Business: Manufacturing, exporting egg powder

Based: Erode, Tamil Nadu

Year of inception :1995

Clients: Food companies in Japan, Europe

Big break: Being accepted by Japanese customers at a time when indian agri -products were shunned due to the pesticide problem.

Revenues: About Rs 100 cr (2007-08)

Profitability indicator: Net profit of Rs 10 cr

Employees: 140 regular (plus 100 contracted)

Plans :Triple revenues by 2011-12, start selling branded eggs

Conventional wisdom need not always work. At a factory at Cholangapalayam village, 20 km from Erode, Tamil Nadu, SKM Egg Products has all its eggs in one basket, in a manner of speaking. The firm produces 1.1 million eggs daily at the Erode unit. It doesn’t stop there—the eggs are then broken. After removing the eggshells, SKM workers, using machines, ensure that the mixture is processed and undergoes treatment from a high-pressure spray before making its way out as egg powder, ready to be exported to 24 countries.

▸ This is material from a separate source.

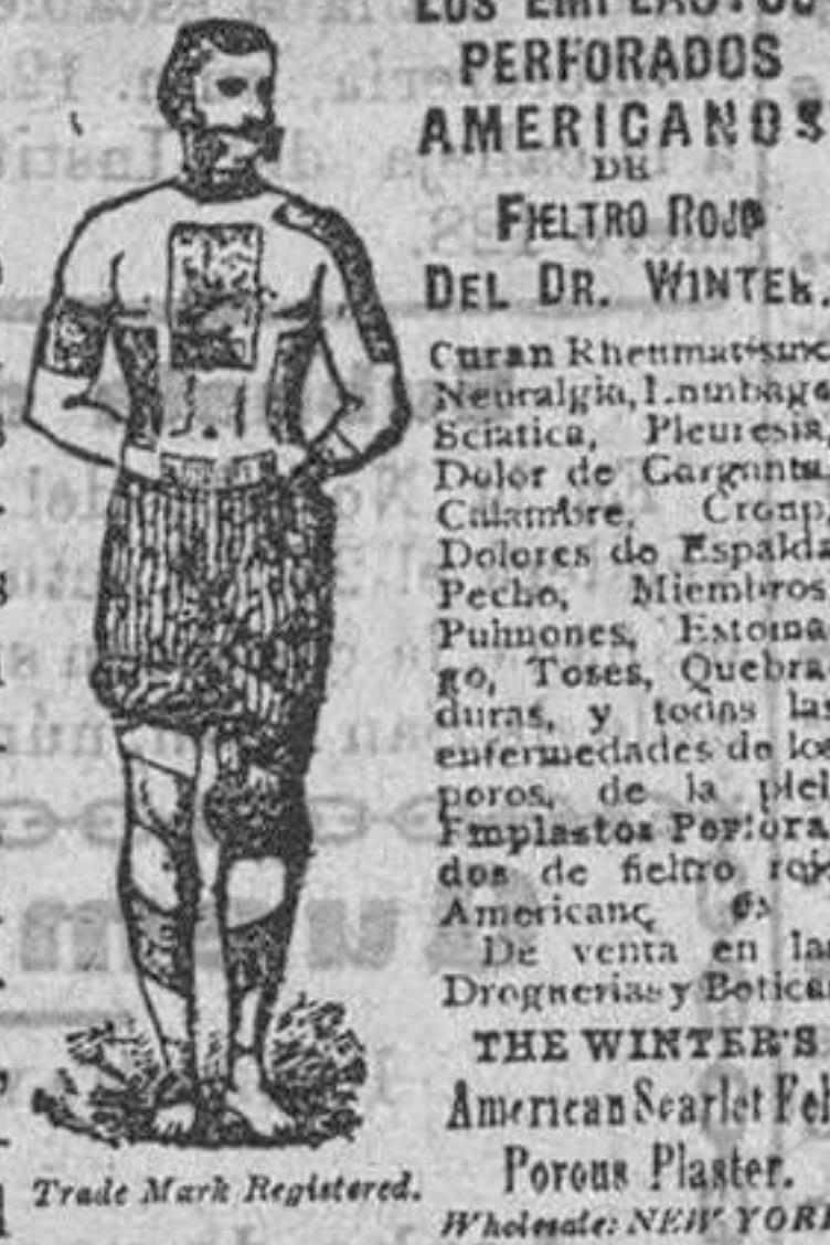
Trade Mark Registered. THE WINTERS American Patent. New York.

Los EMPLASTOS perforados americanos de fieltro rojo del Dr. WINTER, infunden una saludable corriente eléctrica por todo el sistema, e instantáneamente mitigan los dolores, tranquilizan los nervios, fortalecen los órganos digestivos debilitados y devuelven a los enfermos la salud sin ninguna fét y a menudo a pesar de los temores y las preocupaciones. Estos Emplastos son especialmente útiles para fortalecer los delicados músculos dorsales de las señoras en sus períodos mensuales. Todas las escuelas de Medicina los recomiendan y usan para las curas de las afecciones neurálgicas, reumáticos, debilidades causadas por indisposiciones anticipadas, esfuerzos indebidos o enfermedades de los riñones, pleuresías, calambres, punzadas en la espalda, dolores en el pecho que se extienden a los homoplatos y finalmente para todas las enfermedades que resultan de interrupciones en la circulación.

Customers, a proud CEO SKM Shree Shivkumar says, include Kraft, Heinz and an arm of Unilever. The multinationals use egg powder as an ingredient in their food products. Shivkumar’s father SKM Mailenandhan started SKM, the group that runs SKM Egg Products. Mailenandhan started his career as a general store merchant. In time, he became a poultry feed dealer, and then, a manufacturer too. His modus operandi was to not only sell feed to farmers, but also collect eggs from them for further trade. By 1993, when Shivkumar joined his father’s business, SKM was making money in the feed business, but losing it in egg trading. That was despite SKM being a major player, with daily volumes of 1.5 million eggs. "I got involved to set the business right," recalls Shivkumar. "Some improvements happened, nothing dramatic. The fact is, we were competing with small companies."

The shift

That was when a new window of opportunity opened up for SKM. The Tamil Nadu Industrial Development Corporation (Tidco) sought a co-promoter for a venture thatwould export eggs in processed form. SKM applied, and was chosen. SKM Egg Products was set up in 1995 in technical collaboration with Belgium’s Belovo. Tidco took an 11% stake (currently 7.6%). The plant at Cholangapalayam was set up in 1997, with a breaking capacity of 1 million eggs a day, capable of processing 3,500 tonnes of egg powder a year. This has since been upgraded to 4,600 tonnes.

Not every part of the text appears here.